** Directions for this task **
From the material below, please set down exactly the lines starting with the one with "A diagram showing" and going on through the one with "Head of the Tara Brooch", without a single picture.

** Data shown **
....

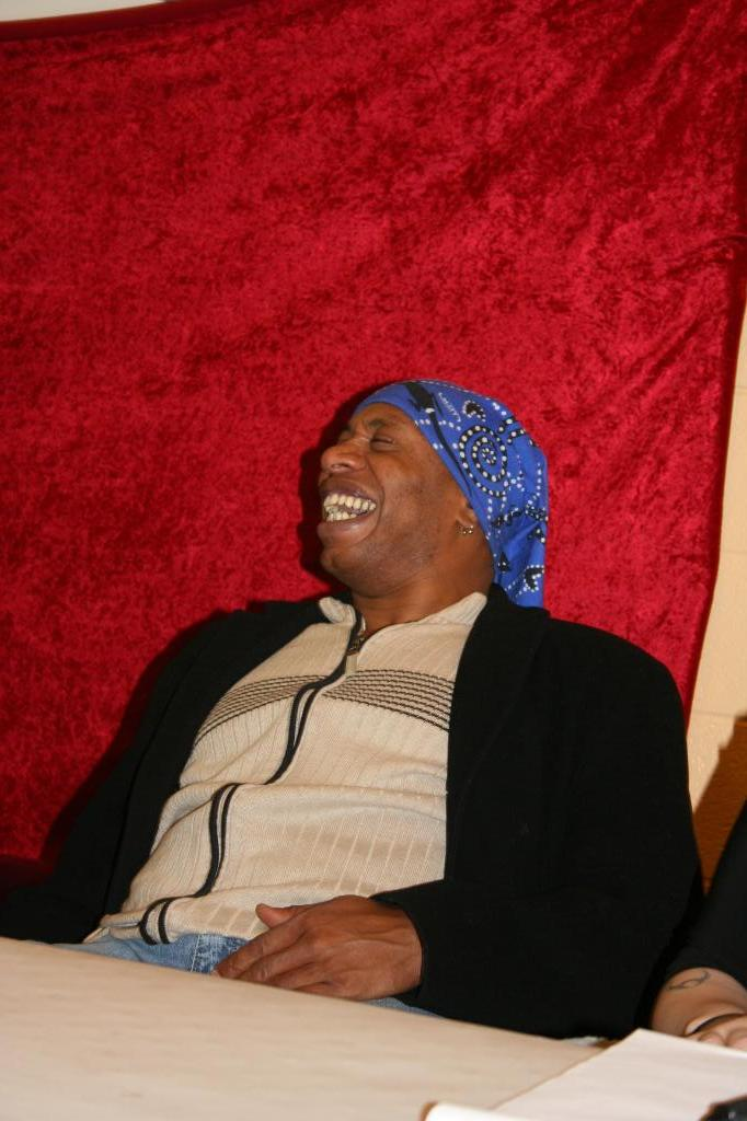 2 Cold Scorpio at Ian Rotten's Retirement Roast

....

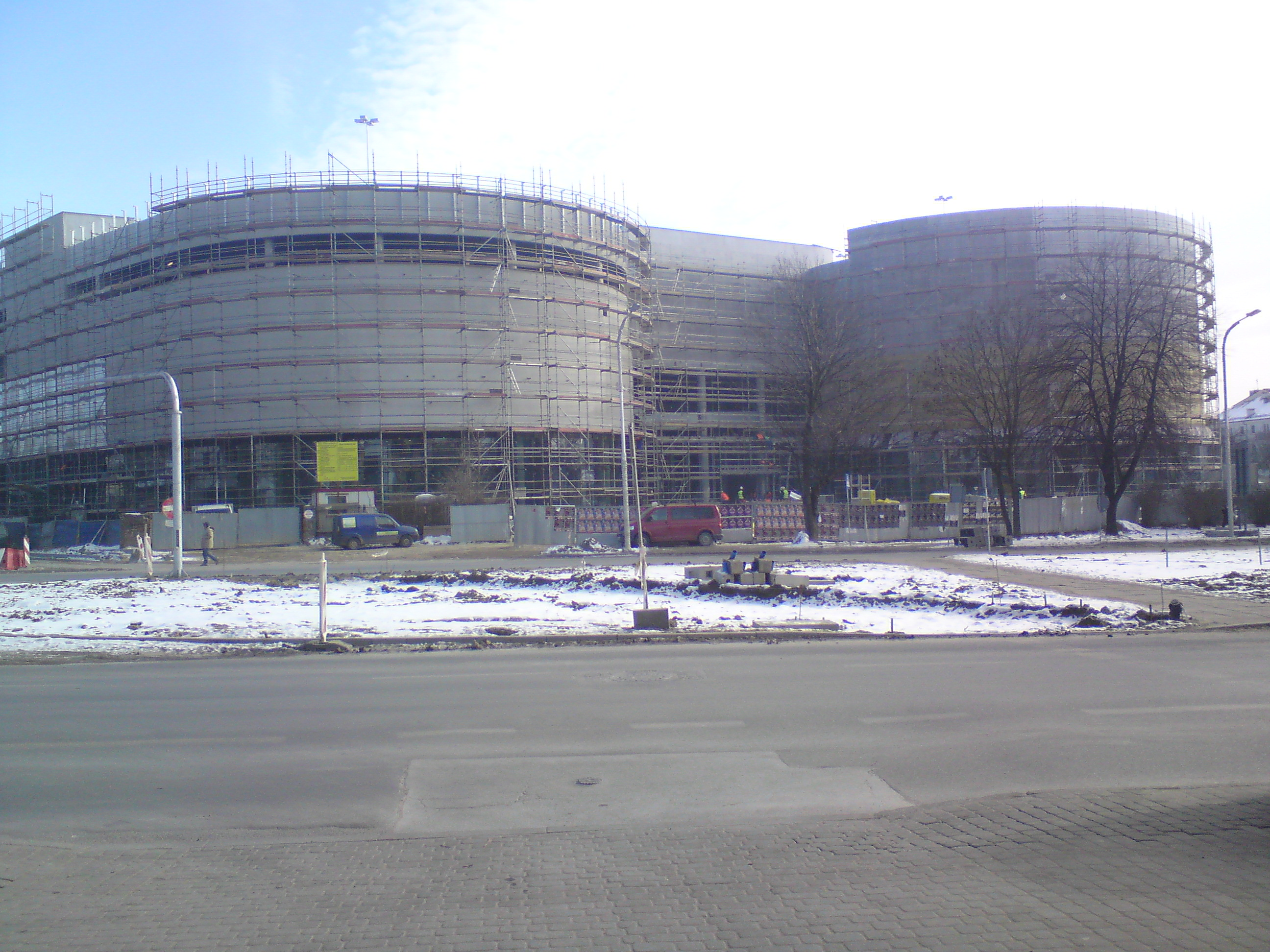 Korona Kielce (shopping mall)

....

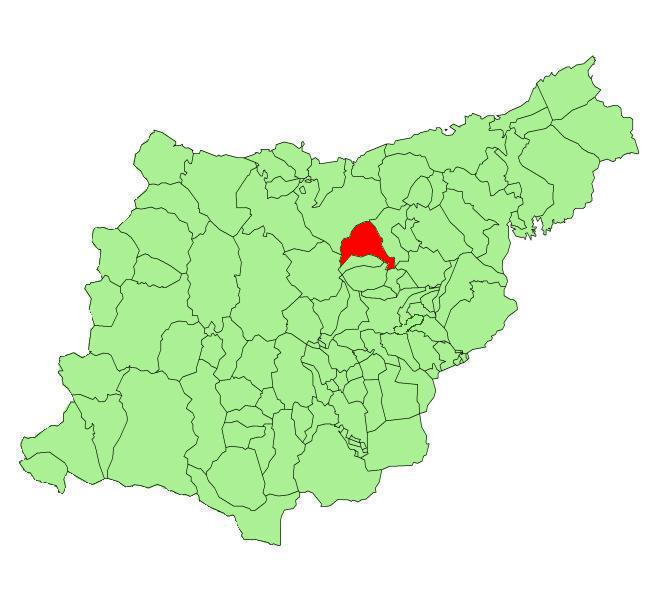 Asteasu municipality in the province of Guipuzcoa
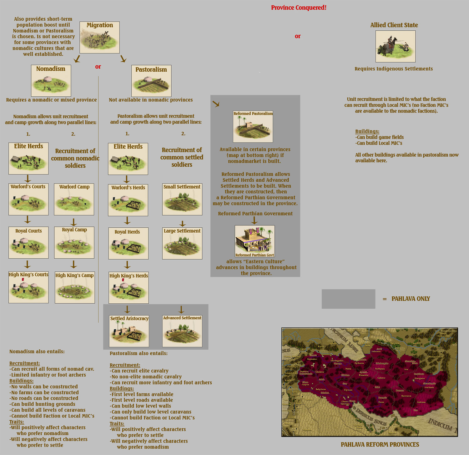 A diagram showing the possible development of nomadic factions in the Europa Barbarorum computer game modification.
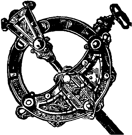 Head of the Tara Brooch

....

** Response area **
 A diagram showing the possible development of nomadic factions in the Europa Barbarorum computer game modification.
 Head of the Tara Brooch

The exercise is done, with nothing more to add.